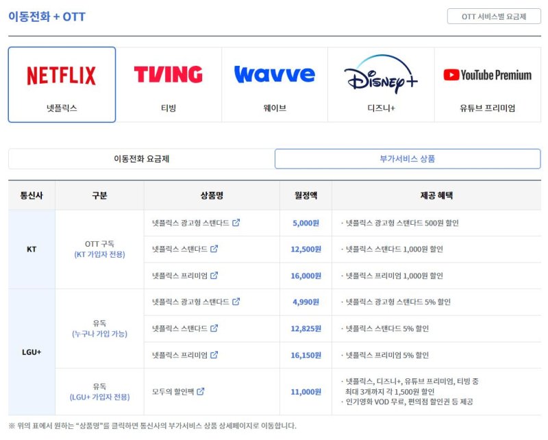 스마트초이스 '요금제 찾기' 메뉴에 'OTT 결합상품' 카테고리가 추가됐다. 넷플릭스, 티빙, 웨이브, 디즈니플러스, 유튜브 프리미엄 등 5개의 OTT 중 하나를 선택하면 해당 OTT 서비스를 결합한 통신사 요금제와 부가서비스 정보를 볼 수 있다.
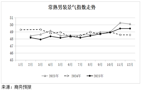 2025年12月份常熟男装景气指数为49.46点,与上月持平。其中,电商景气指数51.00点,上涨2.0%;市场景气指数51.62点,上涨0.6%;生产景气指数47.29点,下降0.6%;采购经理人指数49.00点,下降1.5%。
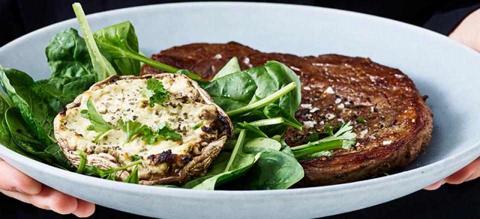Ribeye med spinatsalat og gratinerede portobellosvampe
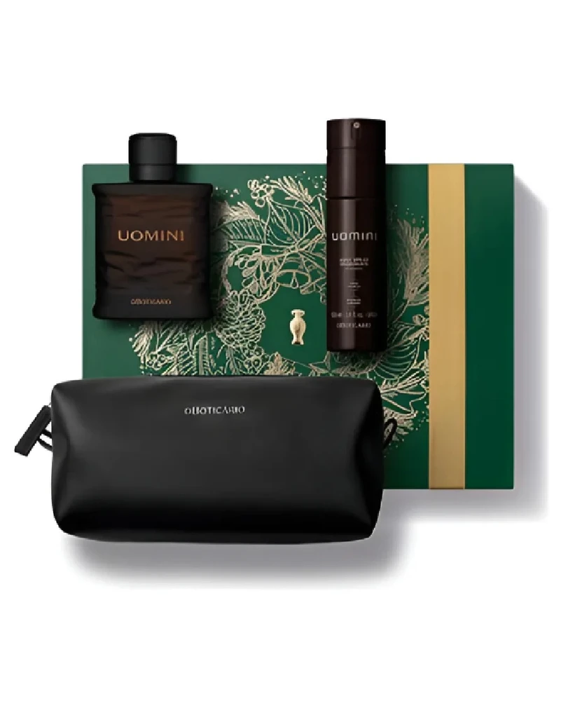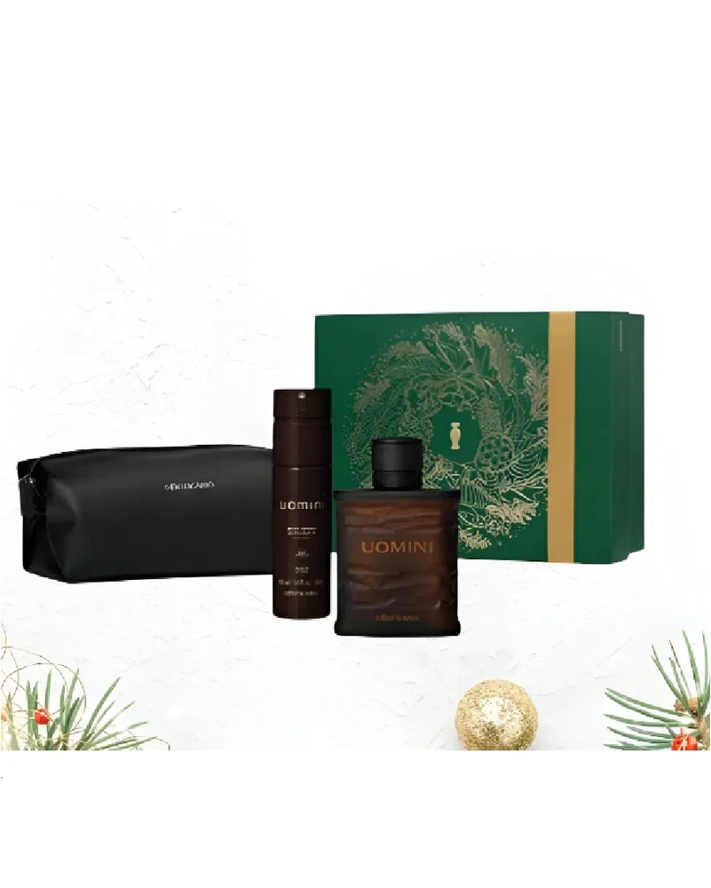 Conteúdo da Embalagem: 01 Desodorante Colônia Uomini 100ml; 01 Desodorante Body Spray Uomini 100ml; 01 Necessaire Masculina Preta Premium; 01 Caixa de Presente. Nenhum produto do Boticário é testado em animais.
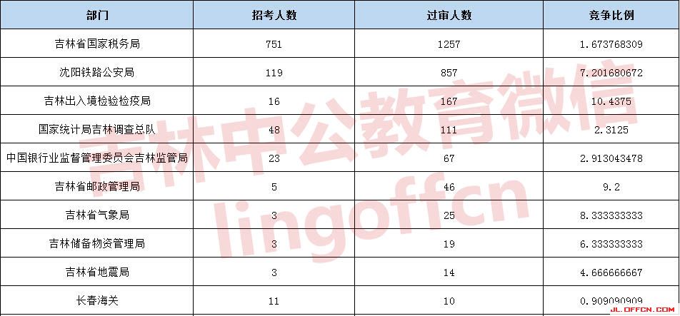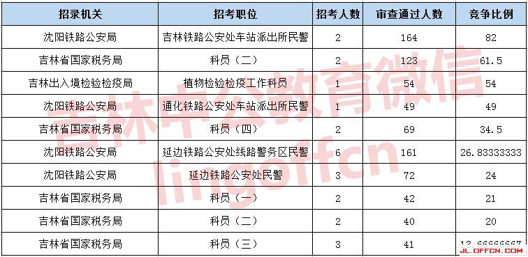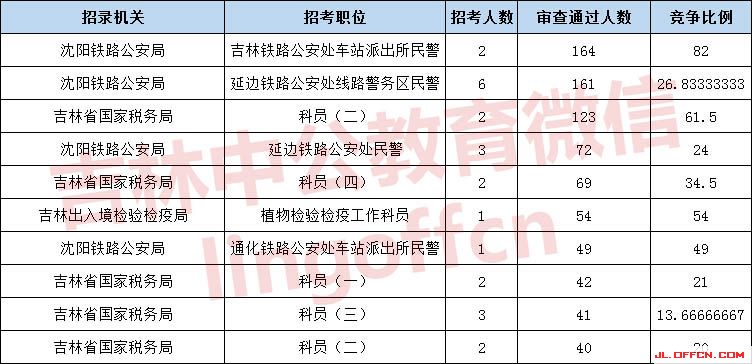 報(bào)名通過(guò)審核人數(shù)前十的職位主要集中在沈陽(yáng)鐵路公安局、吉林國(guó)家稅務(wù)局、吉林出入境檢疫檢驗(yàn)局等部門,具體信息如下:

Instructions to follow. Copy out the data exactly and keep the pictures out.

Exercise solution.
 스마트초이스 '요금제 찾기' 메뉴에 'OTT 결합상품' 카테고리가 추가됐다. 넷플릭스, 티빙, 웨이브, 디즈니플러스, 유튜브 프리미엄 등 5개의 OTT 중 하나를 선택하면 해당 OTT 서비스를 결합한 통신사 요금제와 부가서비스 정보를 볼 수 있다.
 2025年12月份常熟男装景气指数为49.46点,与上月持平。其中,电商景气指数51.00点,上涨2.0%;市场景气指数51.62点,上涨0.6%;生产景气指数47.29点,下降0.6%;采购经理人指数49.00点,下降1.5%。
Ribeye med spinatsalat og gratinerede portobellosvampe
 Conteúdo da Embalagem: 01 Desodorante Colônia Uomini 100ml; 01 Desodorante Body Spray Uomini 100ml; 01 Necessaire Masculina Preta Premium; 01 Caixa de Presente. Nenhum produto do Boticário é testado em animais.
 報(bào)名通過(guò)審核人數(shù)前十的職位主要集中在沈陽(yáng)鐵路公安局、吉林國(guó)家稅務(wù)局、吉林出入境檢疫檢驗(yàn)局等部門,具體信息如下:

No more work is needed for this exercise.